Navier Stokes simulation getting slower with time

NoelGK · June 9, 2023, 10:35pm

I am trying to implement a large eddy simulation with the Smagorinsky turbulence model. Nevertheless, I encounter that my simulation is much slower than the one from the Navier-Stokes tutorial from Dokken, which I am using to validate my implementation. The results are almost identical (see images below) but Dokken’s code runs very fast and mine is incredibly slow.

For 200 iterations using 8 MPI threads, Dokken’s code performs at an average of ~49 iter/s.
With the same number of threads and iterations, mine starts at ~1.5 iter/s, and keeps getting slower until reaching about 0.15 iter/s at iteration 200 (6 seconds per iteration ).

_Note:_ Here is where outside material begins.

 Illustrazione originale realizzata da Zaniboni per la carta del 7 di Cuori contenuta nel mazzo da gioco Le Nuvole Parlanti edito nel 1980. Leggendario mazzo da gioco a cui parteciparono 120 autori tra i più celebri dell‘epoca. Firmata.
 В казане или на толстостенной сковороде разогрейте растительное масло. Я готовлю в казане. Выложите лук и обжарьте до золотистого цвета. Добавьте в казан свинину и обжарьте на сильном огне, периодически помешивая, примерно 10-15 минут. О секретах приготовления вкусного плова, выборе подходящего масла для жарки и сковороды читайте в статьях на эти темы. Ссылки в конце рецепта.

The only explanation I can think of is that the calculation of |S| is very expensive, but it doesen’t seem argument enough to get a simulation 300 times slower.

The details of the model:

Equations

\frac{\partial u}{\partial t} + (u\cdot\nabla)u = -\frac{1}{\rho}\nabla p^{\star} + (\nu + \nu_T) \nabla^2u \\ \nu_T = C_s^2 \Delta^2 |S| \\ S_{ij} = \frac{1}{2}\left( \frac{\partial u_i}{\partial x_j} + \frac{\partial u_j}{\partial x_i} \right)

where |S| = (2S_{ij}S_{ij})^{1/2} and \Delta is the mesh size.

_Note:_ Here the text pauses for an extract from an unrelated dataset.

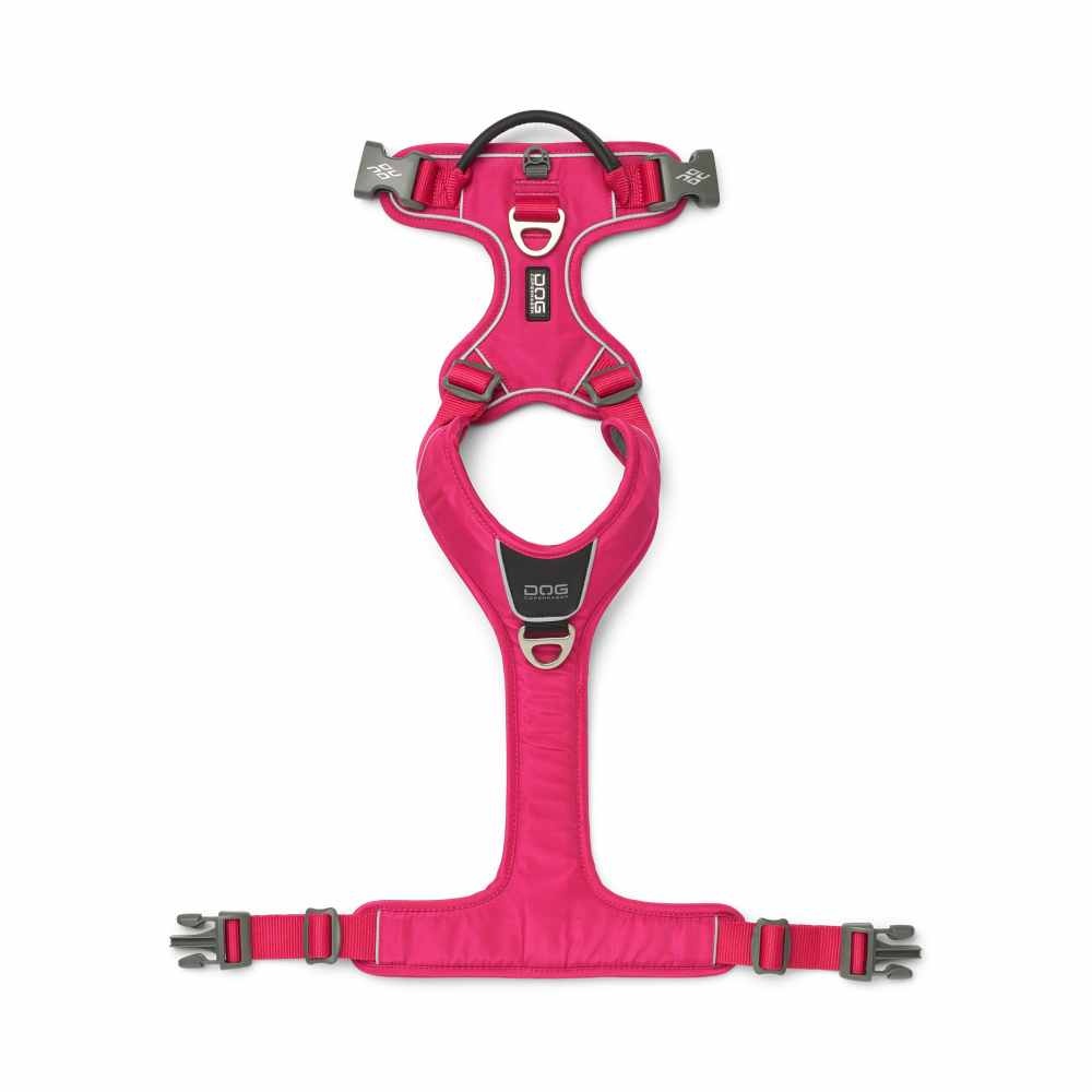 A comfortable and strong fuchsia dog harness, for the active dog, with a soft lining and an ergonomic design. Version 2024.
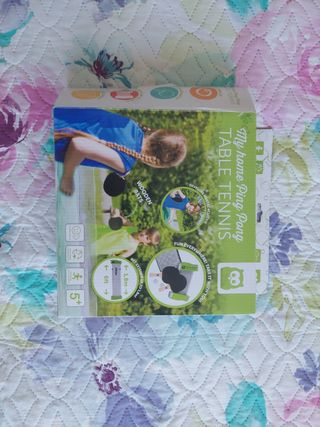 lote de ping pong sin estrenar. Contiene dos raquetas, red ajustable en altura y una pelota.

Code (the mesh generation is the same as in the tutorial with the exception of some modifications to L, H). Sorry for the comments in Spanish, they are not too meaningfull

import gmsh
import os
import numpy as np
import tqdm.autonotebook

from mpi4py import MPI
from petsc4py import PETSc

from dolfinx.fem import (Constant, Function, FunctionSpace, 
                         assemble_scalar, dirichletbc, form, locate_dofs_topological, set_bc)
from dolfinx.fem.petsc import (apply_lifting, assemble_matrix, assemble_vector, 
                               create_vector, create_matrix, set_bc)
from dolfinx.io import (VTXWriter, distribute_entity_data, gmshio)

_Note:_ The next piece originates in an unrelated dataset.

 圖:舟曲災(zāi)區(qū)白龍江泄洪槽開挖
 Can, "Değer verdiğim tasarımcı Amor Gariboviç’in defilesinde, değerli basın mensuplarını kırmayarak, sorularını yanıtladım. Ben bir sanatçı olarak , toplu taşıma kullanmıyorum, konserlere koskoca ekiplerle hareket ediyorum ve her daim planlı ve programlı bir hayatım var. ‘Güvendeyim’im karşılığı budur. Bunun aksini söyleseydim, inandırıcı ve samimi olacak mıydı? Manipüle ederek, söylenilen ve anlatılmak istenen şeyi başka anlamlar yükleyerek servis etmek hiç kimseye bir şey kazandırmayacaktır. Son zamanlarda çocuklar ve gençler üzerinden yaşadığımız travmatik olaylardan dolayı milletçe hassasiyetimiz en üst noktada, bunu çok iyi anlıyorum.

from ufl import (FacetNormal, FiniteElement, Identity, Measure, TestFunction, TrialFunction, VectorElement,
                 as_vector, div, dot, ds, dx, inner, lhs, grad, nabla_grad, rhs, sym)
from ufl import sqrt, sin


# =============================================================================
#                 PARÁMETROS Y DOMINIO DE LA SIMULACIÓN
# =============================================================================

# Parámetros espaciales
L = 2.0
H = 0.5
c_x = c_y = 0.25
r = 0.05
gdim = 2
fdim = gdim - 1

# Mesh
mesh, _, ft = gmshio.read_from_msh("cyllinder.msh", MPI.COMM_WORLD, rank=0, gdim=gdim)
inlet_marker, outlet_marker, wall_marker, obstacle_marker = 2, 3, 4, 5

# Parámetros temporales y físicos
t = 0.0
T = 2.0
num_steps = 2000
dt = T / num_steps
dt = Constant(mesh, PETSc.ScalarType(dt))
mu = Constant(mesh, PETSc.ScalarType(1.0e-4))  # Viscosidad dinámica (cambiar)
rho = Constant(mesh, PETSc.ScalarType(1.0))   # Densidad (cambiar)
nu = Constant(mesh, PETSc.ScalarType(mu/rho))  # Viscosidad cinemática
f = Constant(mesh, PETSc.ScalarType((0, 0)))  # Body forces

resolution = PETSc.ScalarType(r)
Cs = PETSc.ScalarType(0.035)  # Constante de Smagorinsky


# =============================================================================
#        ESPACIOS DE FUNCIONES Y FUNCIONES: ELEMENTOS TAYLOR-HOOD
# =============================================================================

vector_element = VectorElement("CG", mesh.ufl_cell(), 2)
scalar_element = FiniteElement("CG", mesh.ufl_cell(), 1)
V = FunctionSpace(mesh, vector_element)
Q = FunctionSpace(mesh, scalar_element)


# =============================================================================
#                          CONDICIONES DE CONTORNO
# =============================================================================


class InletVelocity():
    def __init__(self, t):
        self.t = t
        self.tol = 1e-4
        self.alpha_atm = 0.3

    def __call__(self, x):
        values = np.zeros((gdim, x.shape[1]),dtype=PETSc.ScalarType)
        values[0] = 4 * 1.5 * sin(self.t * np.pi/8) * x[1] * (H - x[1])/H**2
        # values[0] = 4.0 * ((x[1] + self.tol) / H)**self.alpha_atm
        return values


# # # Condiciones de contorno de la velocidad
# Inlet
u_inlet = Function(V)
inlet_velocity = InletVelocity(t)
u_inlet.interpolate(inlet_velocity)
bcu_inflow = dirichletbc(u_inlet, locate_dofs_topological(V, fdim, ft.find(inlet_marker)))
# Walls
u_nonslip = np.array((0,) * mesh.geometry.dim, dtype=PETSc.ScalarType)
bcu_walls = dirichletbc(u_nonslip, locate_dofs_topological(V, fdim, ft.find(wall_marker)), V)
# Obstacle
bcu_obstacle = dirichletbc(u_nonslip, locate_dofs_topological(V, fdim, ft.find(obstacle_marker)), V)
bcu = [bcu_inflow, bcu_obstacle, bcu_walls]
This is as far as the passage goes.